## ASSIGNED TASK
Restate, exactly as written, the entries below from the line that holds "В Министерстве энергетики" through the line that holds "Sobrado no Damha". Pictures are not part of the copy.

Top of THE DATA

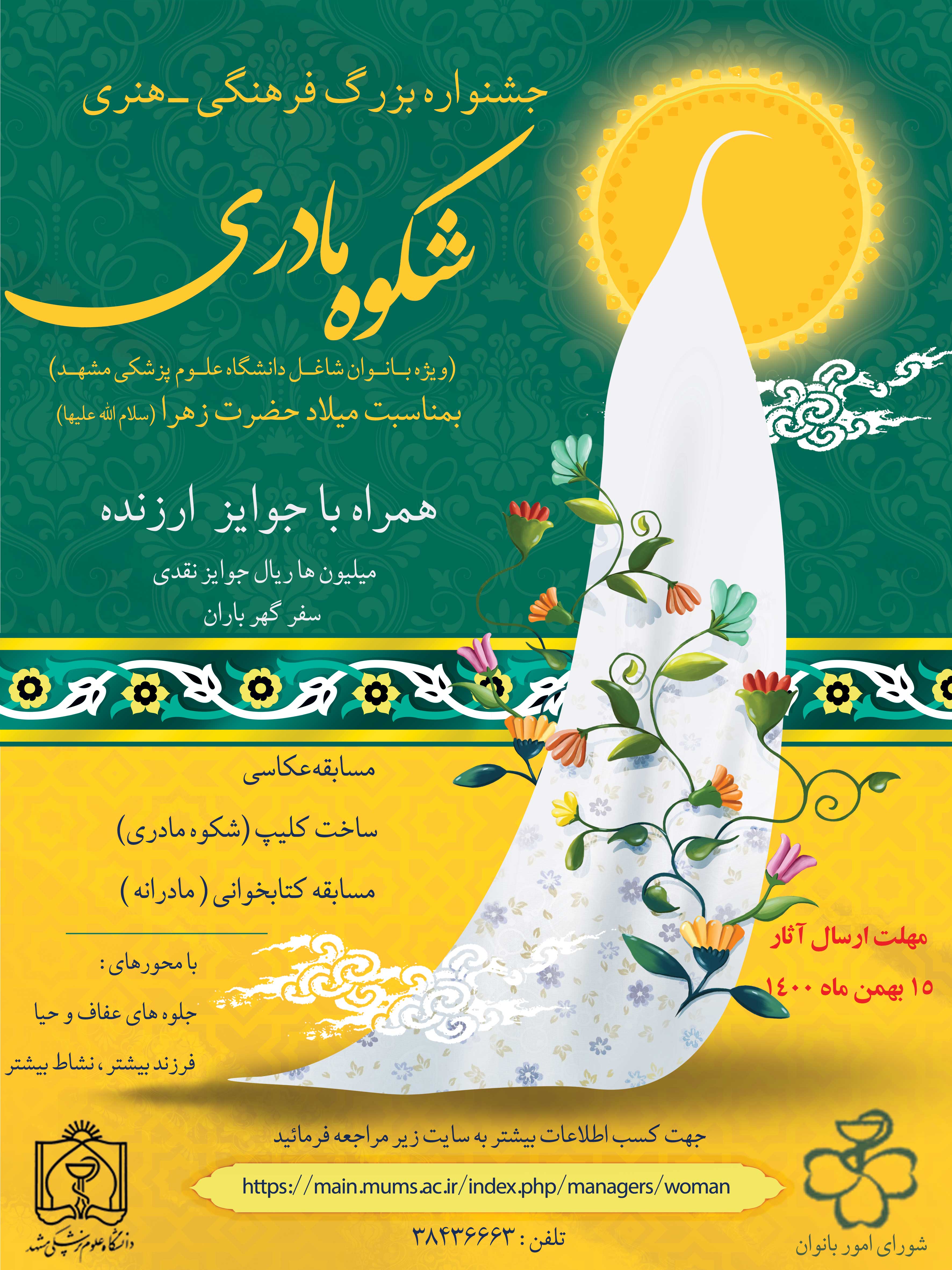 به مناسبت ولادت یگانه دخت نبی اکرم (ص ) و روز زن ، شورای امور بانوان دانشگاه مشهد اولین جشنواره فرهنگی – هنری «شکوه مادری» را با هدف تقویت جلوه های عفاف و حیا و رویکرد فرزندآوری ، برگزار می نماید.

Bottom of THE DATA
Top of THE DATA

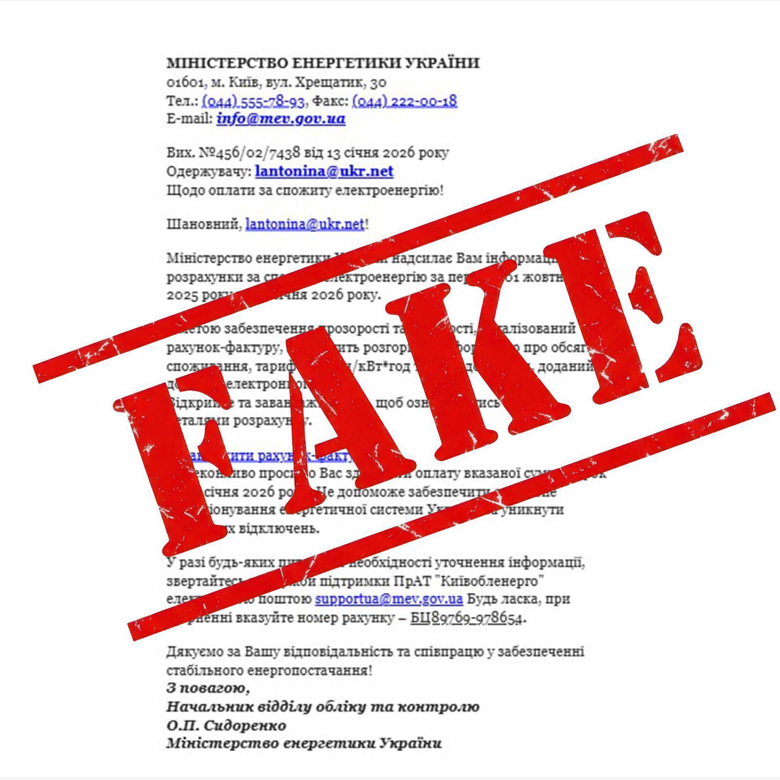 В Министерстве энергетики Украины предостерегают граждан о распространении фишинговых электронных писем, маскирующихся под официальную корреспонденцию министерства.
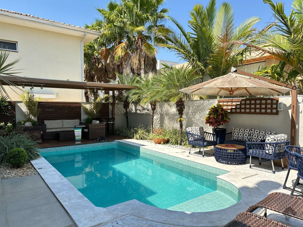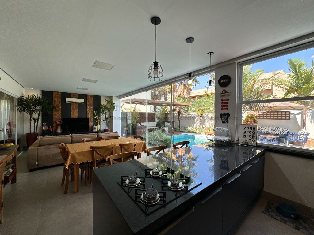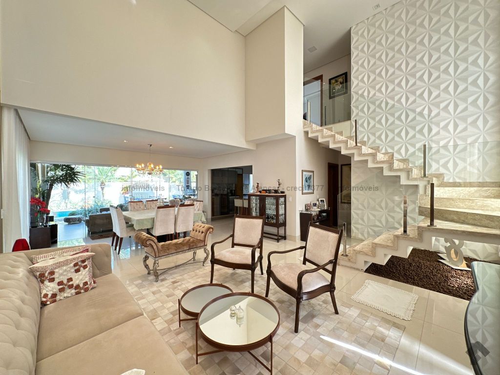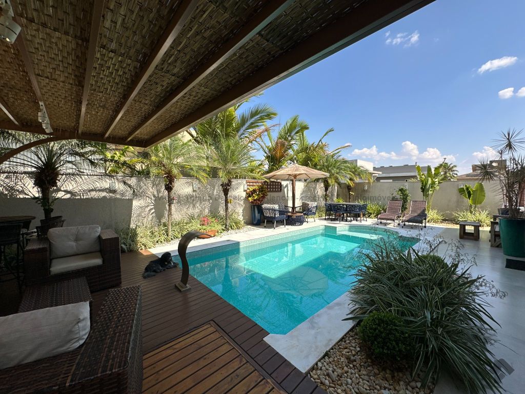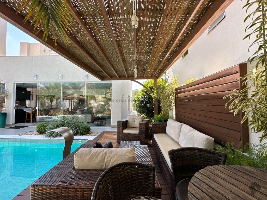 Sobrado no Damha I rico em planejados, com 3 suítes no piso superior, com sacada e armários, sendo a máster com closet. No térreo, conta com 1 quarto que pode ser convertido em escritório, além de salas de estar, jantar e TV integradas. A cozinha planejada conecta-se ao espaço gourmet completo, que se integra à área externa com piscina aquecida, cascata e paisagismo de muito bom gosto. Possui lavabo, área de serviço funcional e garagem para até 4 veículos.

Bottom of THE DATA

## ANSWER AREA
 В Министерстве энергетики Украины предостерегают граждан о распространении фишинговых электронных писем, маскирующихся под официальную корреспонденцию министерства.
 Sobrado no Damha I rico em planejados, com 3 suítes no piso superior, com sacada e armários, sendo a máster com closet. No térreo, conta com 1 quarto que pode ser convertido em escritório, além de salas de estar, jantar e TV integradas. A cozinha planejada conecta-se ao espaço gourmet completo, que se integra à área externa com piscina aquecida, cascata e paisagismo de muito bom gosto. Possui lavabo, área de serviço funcional e garagem para até 4 veículos.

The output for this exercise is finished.